* _How to complete this task_: Ignoring every picture, return the lines of the listing below word for word, from the line that holds "One pair electronically" through the line that holds "During automatic calculations, the".

* _Extracted entries_:
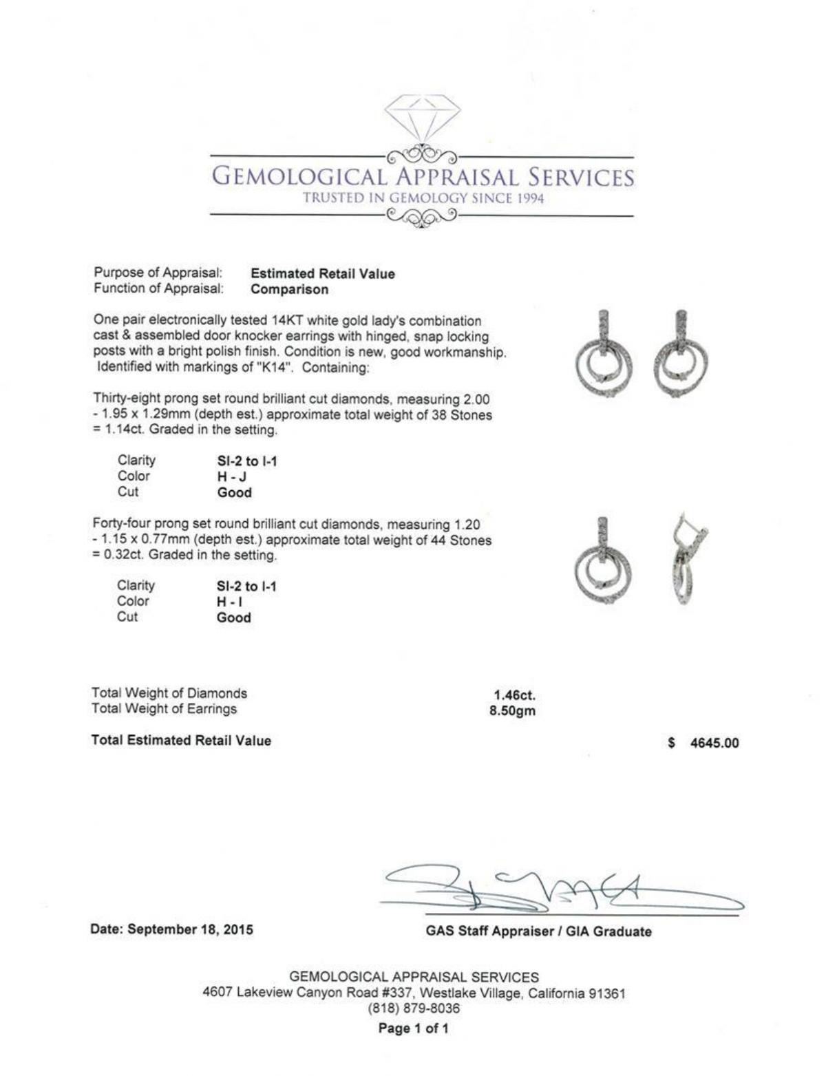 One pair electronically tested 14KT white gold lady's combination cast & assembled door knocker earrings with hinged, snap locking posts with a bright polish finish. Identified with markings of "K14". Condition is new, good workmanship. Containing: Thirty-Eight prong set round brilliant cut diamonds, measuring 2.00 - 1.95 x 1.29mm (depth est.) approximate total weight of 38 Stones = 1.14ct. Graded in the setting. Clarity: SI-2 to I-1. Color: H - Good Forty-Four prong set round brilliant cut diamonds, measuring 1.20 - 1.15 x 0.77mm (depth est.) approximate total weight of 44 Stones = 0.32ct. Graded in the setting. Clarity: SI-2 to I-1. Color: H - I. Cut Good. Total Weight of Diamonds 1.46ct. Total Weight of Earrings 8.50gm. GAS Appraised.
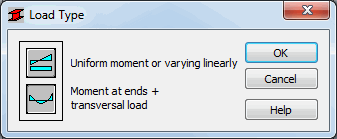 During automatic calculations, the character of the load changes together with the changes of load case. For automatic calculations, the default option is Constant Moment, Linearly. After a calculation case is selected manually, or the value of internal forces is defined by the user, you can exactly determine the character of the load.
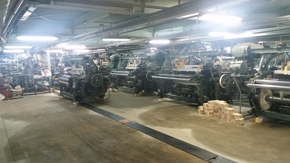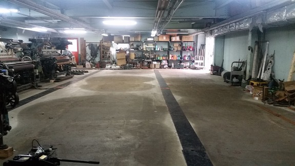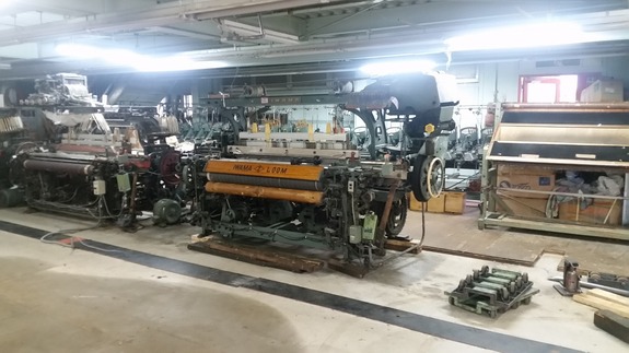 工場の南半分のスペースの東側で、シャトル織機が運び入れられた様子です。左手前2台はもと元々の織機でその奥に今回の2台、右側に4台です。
...
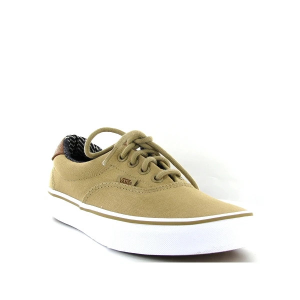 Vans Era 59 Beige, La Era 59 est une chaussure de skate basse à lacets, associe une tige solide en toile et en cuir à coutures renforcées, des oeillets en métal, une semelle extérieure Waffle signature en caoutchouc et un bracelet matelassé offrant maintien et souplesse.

* _Reply_:
 One pair electronically tested 14KT white gold lady's combination cast & assembled door knocker earrings with hinged, snap locking posts with a bright polish finish. Identified with markings of "K14". Condition is new, good workmanship. Containing: Thirty-Eight prong set round brilliant cut diamonds, measuring 2.00 - 1.95 x 1.29mm (depth est.) approximate total weight of 38 Stones = 1.14ct. Graded in the setting. Clarity: SI-2 to I-1. Color: H - Good Forty-Four prong set round brilliant cut diamonds, measuring 1.20 - 1.15 x 0.77mm (depth est.) approximate total weight of 44 Stones = 0.32ct. Graded in the setting. Clarity: SI-2 to I-1. Color: H - I. Cut Good. Total Weight of Diamonds 1.46ct. Total Weight of Earrings 8.50gm. GAS Appraised.
 During automatic calculations, the character of the load changes together with the changes of load case. For automatic calculations, the default option is Constant Moment, Linearly. After a calculation case is selected manually, or the value of internal forces is defined by the user, you can exactly determine the character of the load.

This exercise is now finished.